Brewster had fans and local media swooning after his first press conference as head coach when he promised to lead the Gophers to the Rose Bowl for the first time since 1962. "We’re going to win the Big Ten Championship and we’re going to take Gopher Nation to Pasadena," Brewster said. "That’s my dream, that’s my goal and that’s my belief. It will happen here sooner rather than later."


Rather than a Big Ten Championship, Brewster delivered a 15-30 record and a series of sophomorically optimistic statements routinely mocked by local talk radio hosts.


As for Obama, his goal was to change the way government operates by ending a long era of partisanship that had plagued Congress for decades.

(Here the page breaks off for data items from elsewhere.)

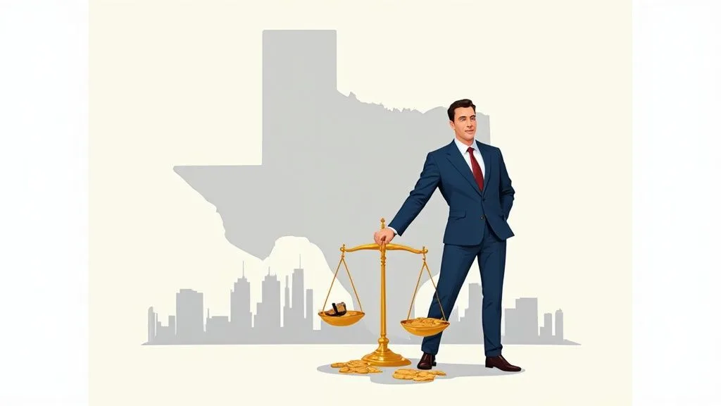 This model is standard for serious felonies or cases where the strategy might have to pivot multiple times. The total cost can vary significantly depending on how complicated things get. For example, in a major Texas city like Houston, a misdemeanor might run a flat $3,000 to $10,000, but a complex felony trial can easily soar past $25,000. With hourly rates sometimes hitting $500 to $1,000 for experienced attorneys, you can see how costs pile up in a long fight.
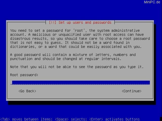 Now set your timezone and enter an root-passwort. Write down this password. It is the key for your whole system !
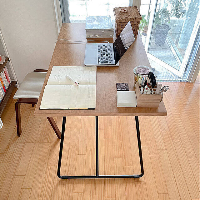 作業デスクに、無印良品の折りたたみテーブルを選ばれていた、warashibeさん。デスクは奥行60cmのものが多い中、こちらは70cmの奥行があるので、パソコンの手前にノートや書類を多くことができるそう。広々としたスペースが確保されていて、仕事もはかどりそうですね。
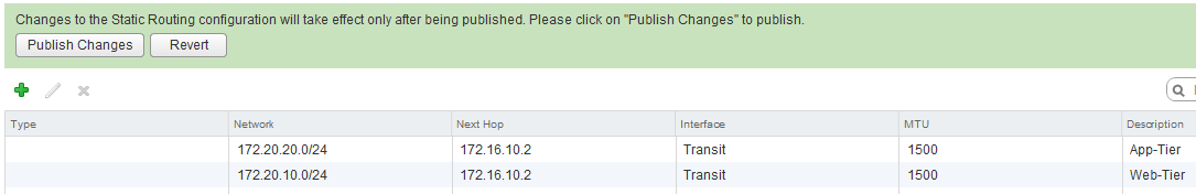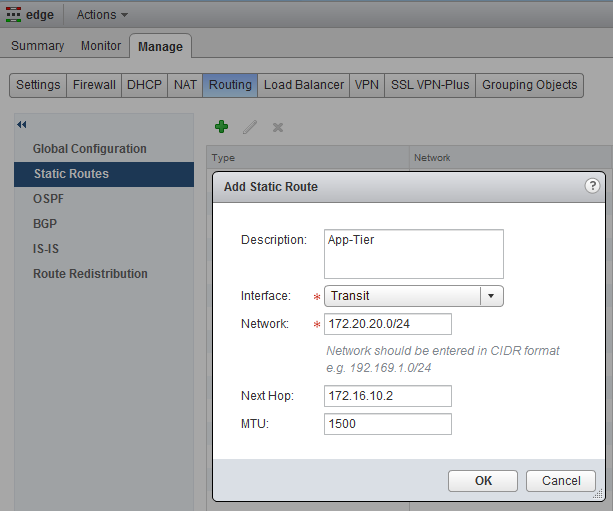 Now open the just deployed ESG and go Manage, Routing, (for now) we will create static routes to the Logical Router we created earlier. Add the following two routes for the App and Web tier, by clicking on the green plus sign.
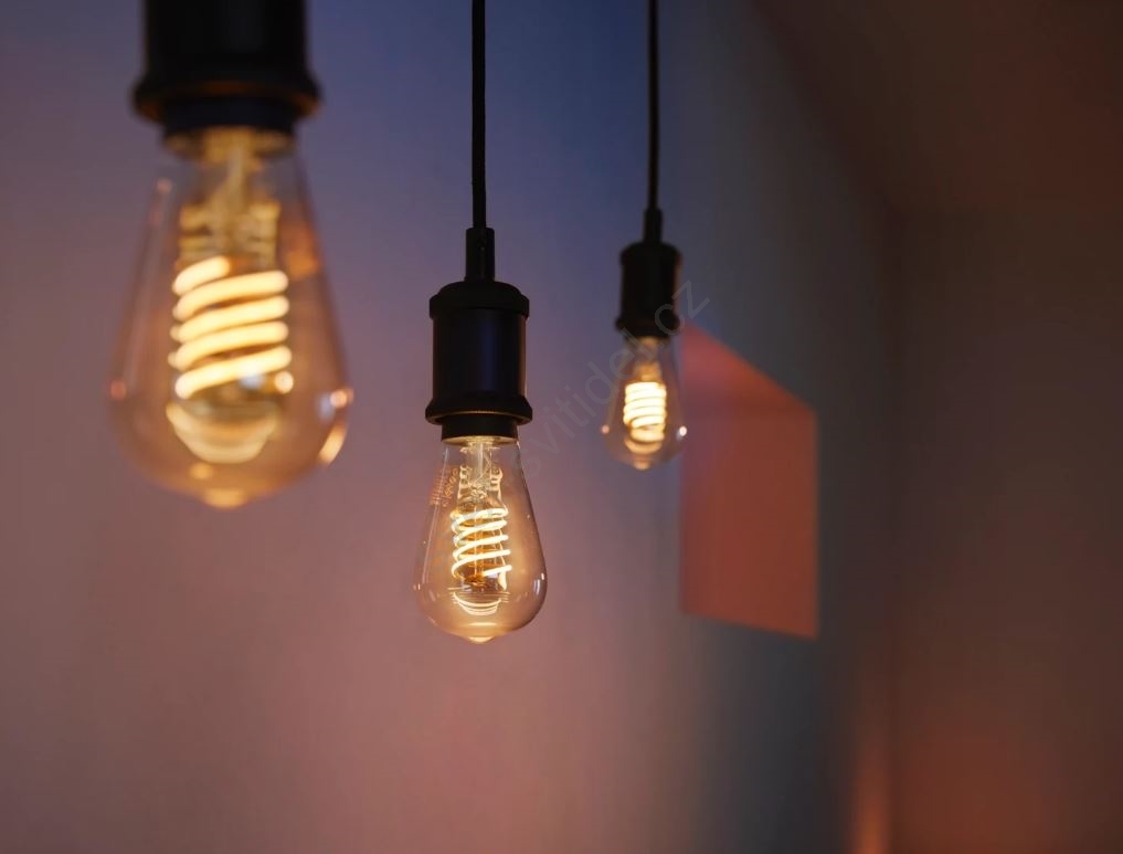 • Samostatná LED stmívatelná žárovka Philips Hue FILAMENT s paticí E27.
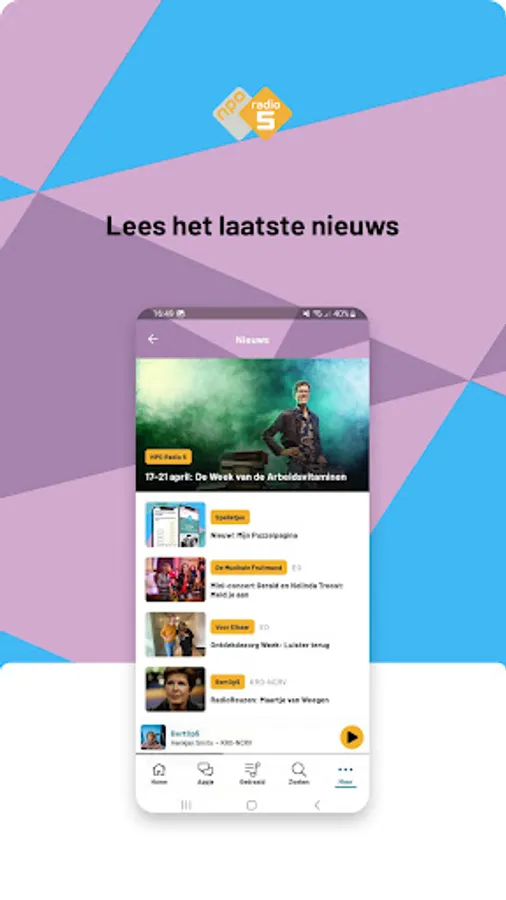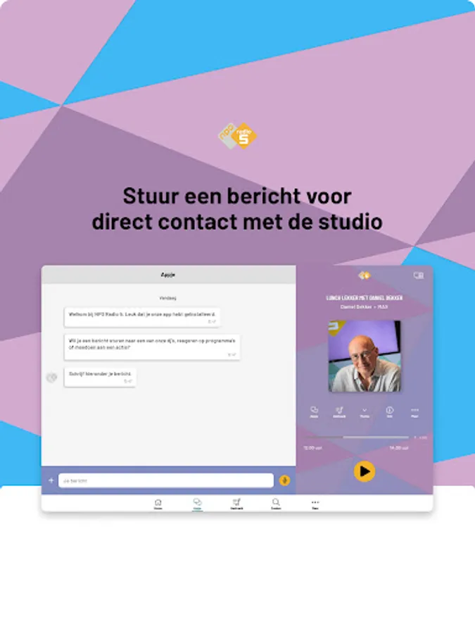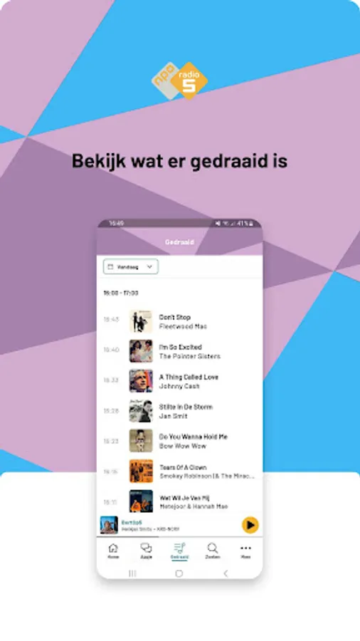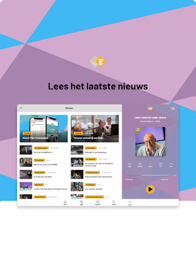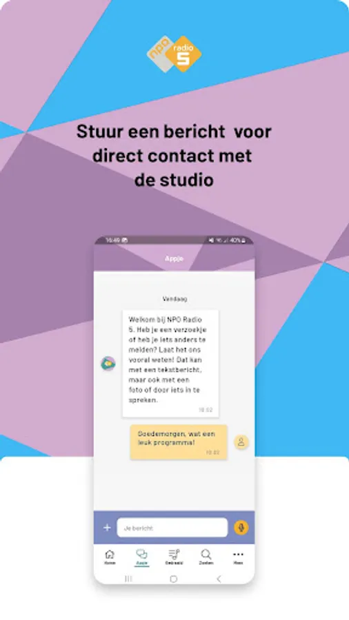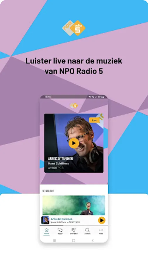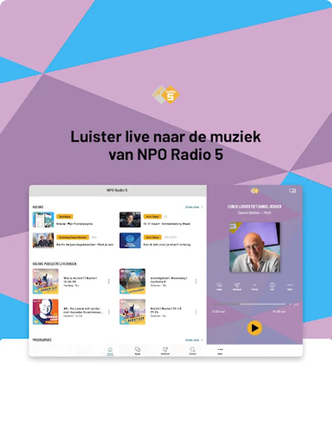 With this app you can listen live to NPO Radio 5 and easily listen back to fragments or missed broadcasts of your favorite programs. You can also send a free message to the studio via the app and listen to / download podcasts.
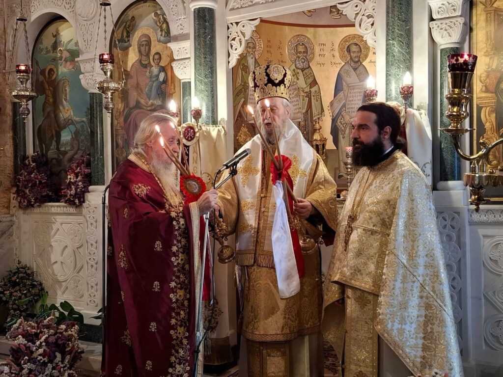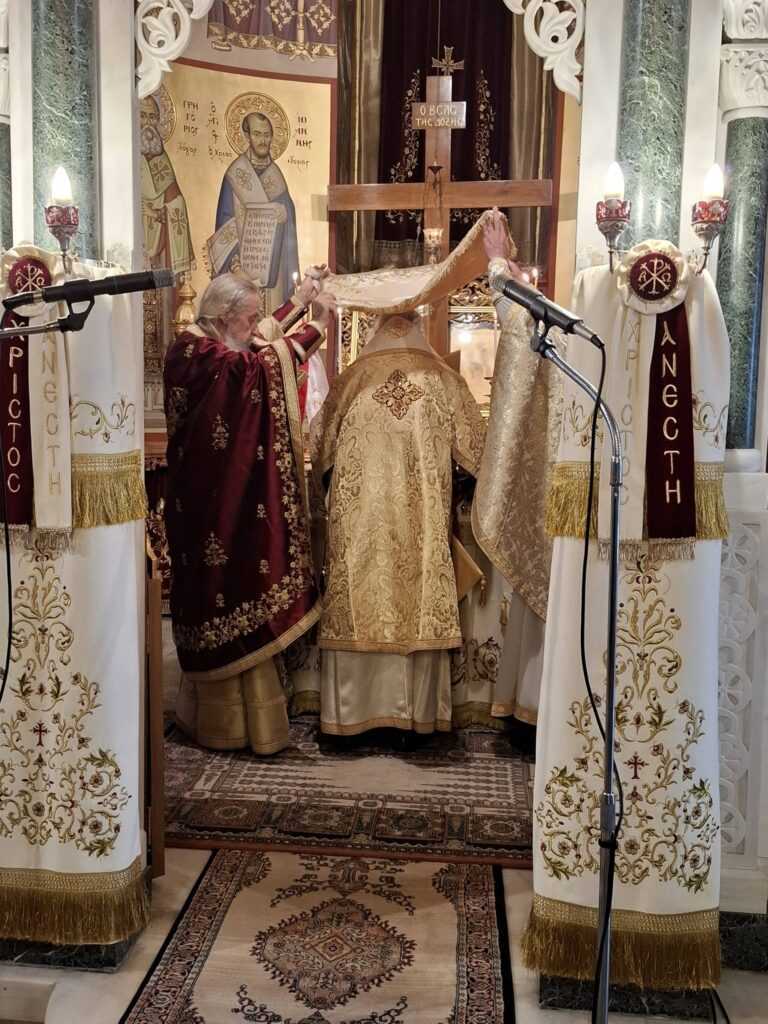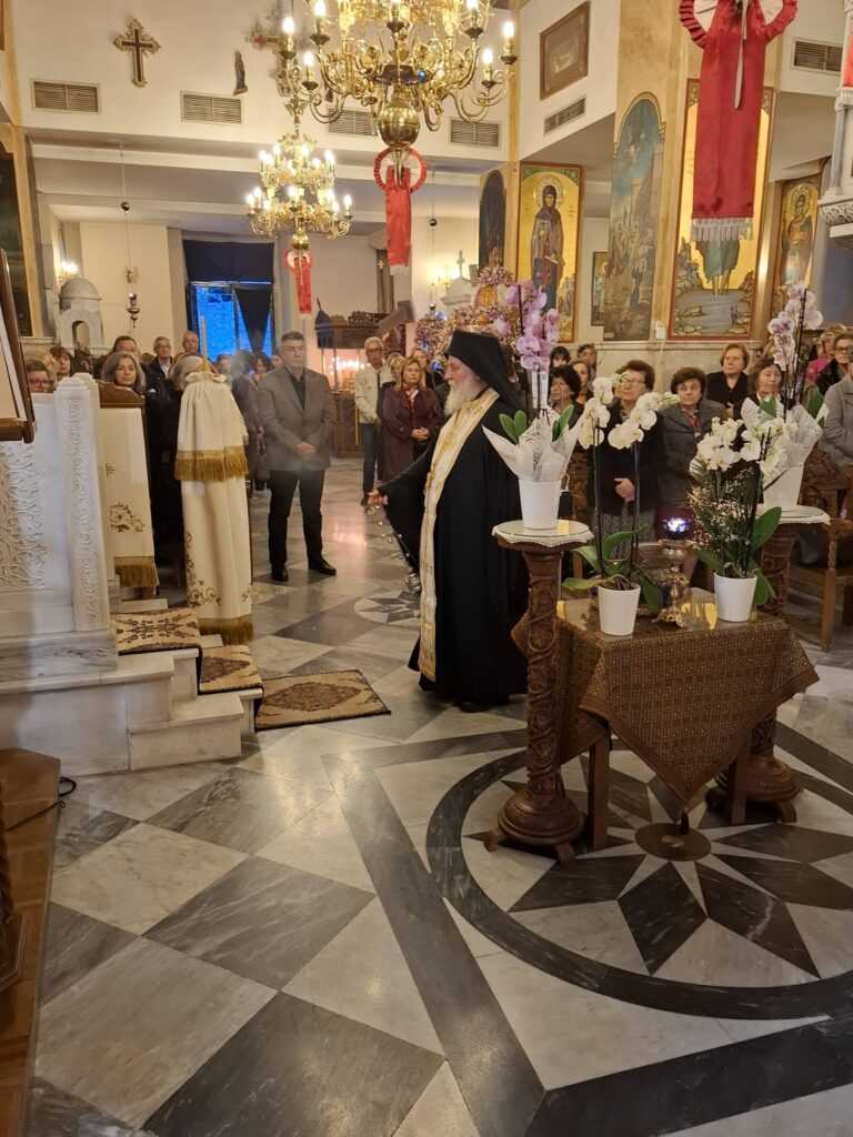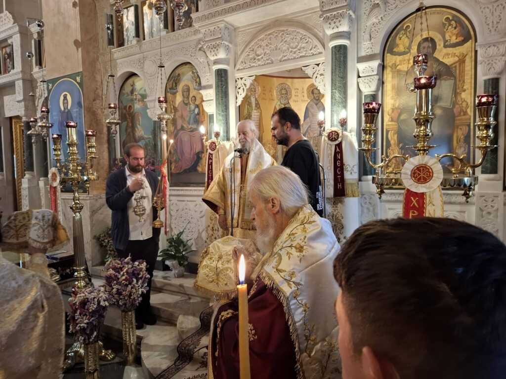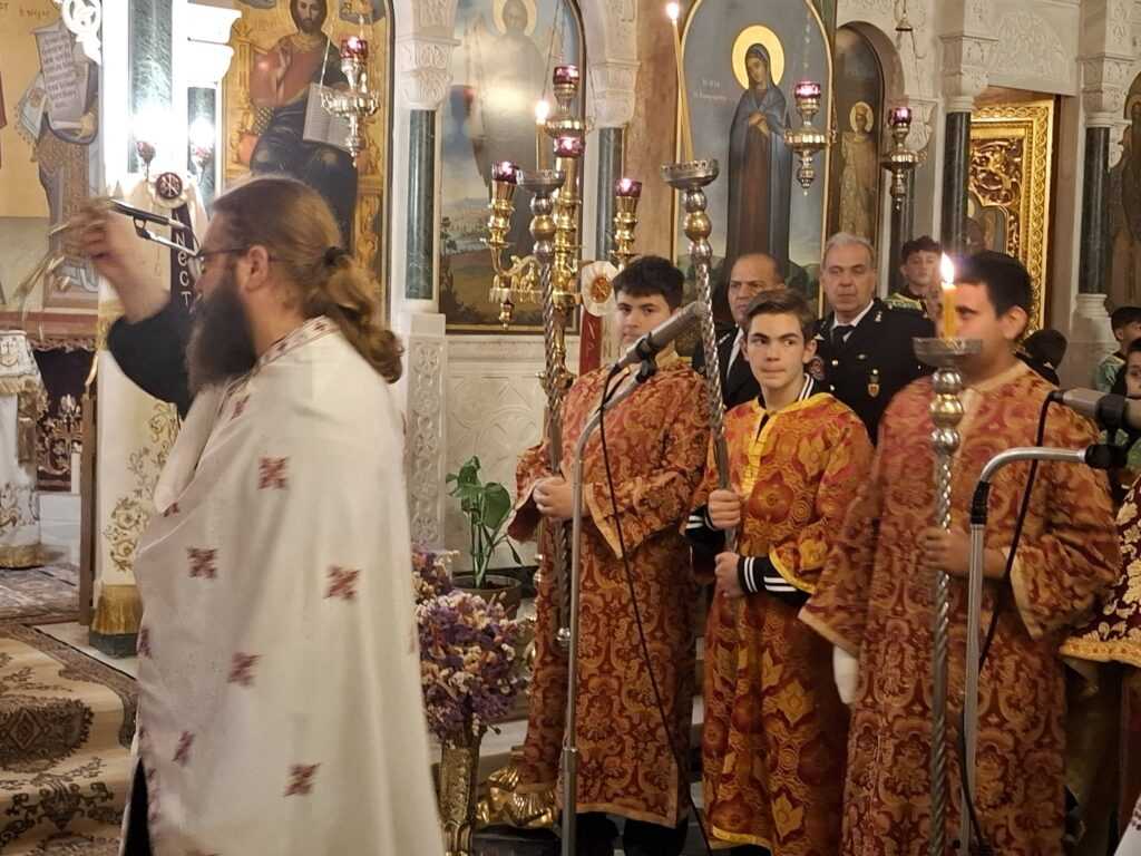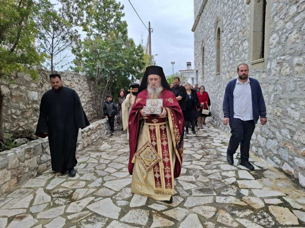Την κυριώνυμο ημέρα της εορτής στον προαναφερθέντα ιερό ναό έλαβε χώρα η Αρχιερατική Θεία Λειτουργία απο τον Πρύτανη της Ιεραρχίας Σεβασμιώτατο Μητροπολίτη Καρυστίας και Σκύρου κ. Σεραφείμ πλαισιούμενος απο τον Πρωτοσύγκελλο Πανοσ Αρχιμ Νικόδημο Πόγκα και τον Πανοσ Αρχιμ Νικόδημο Τσιμόγιαννη Ιεροκήρυξ της Ιεράς Μητροπόλεως και εφημέριο του ιερού ναού.
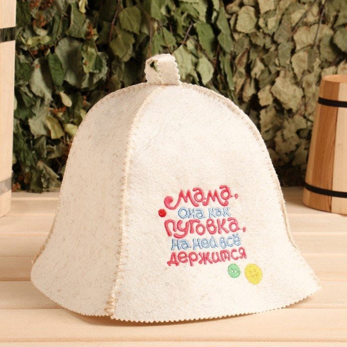 Шапка для бани «Мама, она как пуговка» овечья шерсть

Surely if he invited Republicans over to the White House for cocktails and a fireside chat his enigmatic personality would be enough to reconcile two polarized ideologies.


But instead the GOP dug their heels in for a fight and hit the Democrats harder than Ohio State linebackers hit Gophers quarterbacks.


Since taking office, both Brewster and Obama have had to significantly alter their offensive game plans.


When Brewster was hired in 2007, he brought with him the pass-heavy spread offense, which was supposed to baffle Big Ten defenses with a variety of formations. But after finishing at or near the bottom of the conference in scoring for three consecutive seasons, Brewster decided a "pound-the-rock" running attack was what the Gophers needed to assert their offensive will over opponents. Through the first seven games this season, the Gophers averaged a mere 141.6 rushing yards per game, good for ninth in the Big Ten.


Obama, too, abandoned his initial bipartisan strategy in favor of a "pound-the-rock" approach to lawmaking. Along with Democratic leaders, Obama hammered the contentious health care reform bill through both chambers with as many Republican votes as Brewster won bowl games — zero.


Obama made his desertion of any bipartisan game plan clear during his speech Saturday at the University Field House. Using a metaphor of pushing a car out of a ditch, he accused Republicans of "standing on the sidelines" while Democrats fix the problems their economic policies created.


"You can’t have the keys back," Obama said of the GOP. "You don’t know how to drive. You can ride with us if you want, but you’ve got to sit in the backseat."


Brewster and Obama have each had difficulty maintaining stability in their administrations. The White House has lost at least six high-level officials since Obama took office in 2009, including Chief of Staff Rahm Emanuel who left earlier this month to run for mayor of Chicago. Brewster had three different offensive coordinators in his first three years at the University and never could establish the consistency necessary for success in the Big Ten.


Brewster’s tenure at the University was an utter failure. But Obama and congressional Democrats have made strides and deserve at least two more years in office. In an institution often condemned as being too political to be effective, Democrats passed landmark reform bills overhauling the health care and financial industries.


Amid the worst economic crisis our country has experienced since the 1930s, voters must resist the urge to take their frustrations out on the current party in power without affording them ample time to right the ship.


Obama conveyed this message in a speech that at times sounded like a Brewster pep talk.


"The last two years we’ve been grinding it out," Obama said, noting that change doesn’t come easily. "We’ve got to earn it. We’re just in the first quarter. We’ve got a lot more quarters to play."


Take Obama and the Democrats off the field too soon and our economy will remain as stagnant as the Gophers football program.